25 novembre, giornata internazionale per l’eliminazione della violenza sulle donne


Il 25 novembre del 1960 nella Repubblica Dominicana furono uccise tre attiviste politiche, le sorelle Mirabal, per ordine del dittatore Rafael Leónidas Trujillo. Quel giorno le sorelle Mirabal, mentre si recavano a far visita ai loro mariti in prigione, vennero bloccate sulla strada da agenti del Servizio di informazione militare e furono stuprate, torturate, massacrate a colpi di bastone e strangolate, per poi essere gettate in un precipizio, a bordo della loro auto, per simulare un incidente.

Nel 1981, nel primo incontro femminista latinoamericano e caraibico, venne deciso di celebrare il 25 novembre come la Giornata internazionale della violenza contro le donne, in memoria delle sorelle Mirabal.

Violenza sulle donne. 25 novembre
Le sorelle Mirabal

Istituita dall’Assemblea generale delle Nazioni Unite, la ricorrenza punta a organizzare attività volte a sensibilizzare l’opinione pubblica sul problema della violenza contro le donne, perchè l’arma più efficace per combattere questo genere di violenza è proprio la conoscenza del fenomeno e la prevenzione dello stesso.

L’epoca che stiamo vivendo è fortemente caratterizzata da episodi di violenza sul genere femminile, fenomeno che riguarda la violazione dei diritti umani: quasi ogni giorno, attraverso i canali di comunicazione, veniamo a conoscenza di un nuovo caso di donna uccisa dal proprio partner, da un amico o un conoscente. Insieme alla violenza fisica, internet e le nuove tecnologie hanno contribuito a creare una nuova forma di pericolo. Sempre più donne sono esposte a molestie o minacce online tramite fenomeni come il cyberbullismo sessuale, sexting, revenge porn e deepfake che creano impatti devastanti sulla psiche specialmente nelle persone più giovani che, non sapendo in che modo e a chi rivolgersi per lanciare un grido di aiuto, arrivano anche a conseguenze drammatiche come il suicidio.

Qualche giorno fa il nostro Paese si è svegliato con la notizia della ragazza uccisa in un parco di Reggio Calabria dall’ex fidanzato che la perseguitava, il quale era anche già stato arrestato e processato per stalking ai danni della vittima. 

La drammaticità della situazione sta proprio in questo: niente è bastato per evitare il peggio. Il primo pensiero va proprio alla vittima, perché le fatidiche frasi “perché non ha denunciato?” o semplicemente “denuncia!” vengono pronunciate troppo spesso da chi non vive le situazioni in prima persona. Lei lo aveva fatto, eccome se lo aveva fatto, nonostante la difficoltà che comporta e nonostante la forza che il gesto richiede. Questa donna aveva agito esattamente nel modo in cui la società si aspetta, denunciando, pensando di aver costruito una sorta di scudo a mo’ di protezione.

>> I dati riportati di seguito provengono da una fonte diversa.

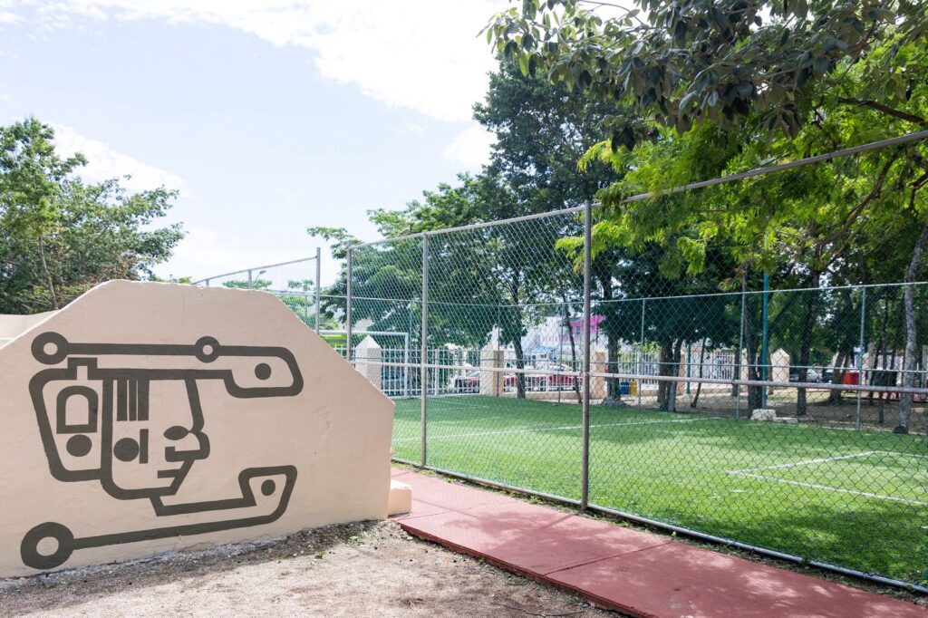 La renovación incluyó la instalación de juegos infantiles, pasto sintético en canchas de fútbol, luminarias rehabilitadas, baños públicos con un tinaco de 2,000 litros y sistema hidráulico, andadores mejorados y pintura en tonos Arena Playa, preservando los árboles existentes. Estas mejoras, financiadas con un presupuesto municipal de 4.5 millones de pesos, según Quintana Roo Hoy, buscan fortalecer el tejido social y la construcción de paz.
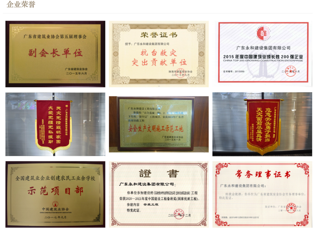 廣東永和建設(shè)集團(tuán)有限公司成立于2007年3月,注冊資金6億元,擁有3個一級資質(zhì):建筑工程施工總承包一級、市政公用工程施工總承包一級、建筑裝修裝飾工程一級,以及建筑機(jī)電安裝工程等17項(xiàng)專業(yè)承包資質(zhì),現(xiàn)已發(fā)展為集工程設(shè)計(jì)、施工、建筑材料供應(yīng)鏈、建筑勞務(wù)輸出一體化多元化發(fā)展的廣東省百強(qiáng)民營企業(yè)。 集團(tuán)管理機(jī)構(gòu)健全,實(shí)行區(qū)域化經(jīng)營管理,隨著集團(tuán)業(yè)務(wù)的不斷拓展,項(xiàng)目遍及廣東、廣西、海南、江西等省份。
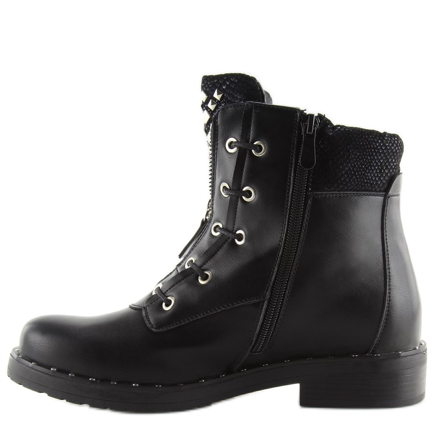 Löydä ainutlaatuinen tyyli mustilla armeijan saappailla BH82-KB mustalla! Nämä ainutlaatuiset naisten grunge-tyyliset litteät saappaat ovat jokaisen muodikkaan naisen ehdoton hankinta. Niiden erottuva koriste-elementti on nastoitettu kieleke, joka lisää rockin luonnetta, ja hopea vetoketju, joka antaa niille modernin ilmeen.
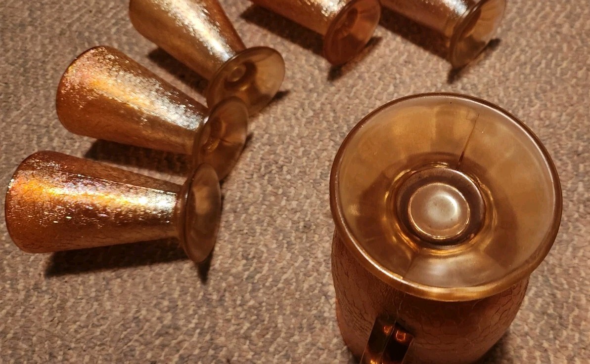 VTG Jeanette Marigold Crackle Carnival Glass Footed Pitcher & 5 Glasses Set

E invece no, alla fine ti ammazzano lo stesso.

Nel 2020 per finanziare i Centri antiviolenza, le case rifugio e le attività del Piano Nazionale Antiviolenza sono stati stanziati ventotto milioni di euro. Se ventotto milioni sembrano comunque tanti, confrontandoli con il proprio conto in banca, basta effettuare un breve calcolo. Tenendo conto che in Italia ci sono 31.056.366 donne (dall’ultimo censimento Istat), dividendo il numero per i ventotto milioni il risultato che si ottiene sono € 0,90 per ciascuna donna.

Novanta centesimi sono una cifra ridicola per contrastare un fenomeno che sta distruggendo vite, strappando madri a bambini e ragazzi adolescenti e devastando genitori per la perdita di una figlia.

Di lavoro da fare per contrastare questo fenomeno, piaga della società in tutto il mondo, ce n’è ancora moltissimo; a partire dall’aumento, per esempio, dei centri per uomini violenti. In Italia ne esistono solo 15 e sono tutti ubicati al di sopra della regione Lazio.

La situazione drammatica andrebbe affrontata molto prima, ritornando ai principi base per la lotta alla violenza sulle donne sopracitati: ovvero la conoscenza del fenomeno e la prevenzione. Prevenire è meglio che curare, anche perché curare poi è impossibile. Bisognerebbe investire su campagne di sensibilizzazione all’interno delle scuole, insegnando come non sia nemmeno lontanamente pensabile commettere un gesto così grave, qualsiasi possano essere i motivi che spingono ad arrivare a tanto perché nessuna motivazione servirà mai a giustificare un atto così vigliacco.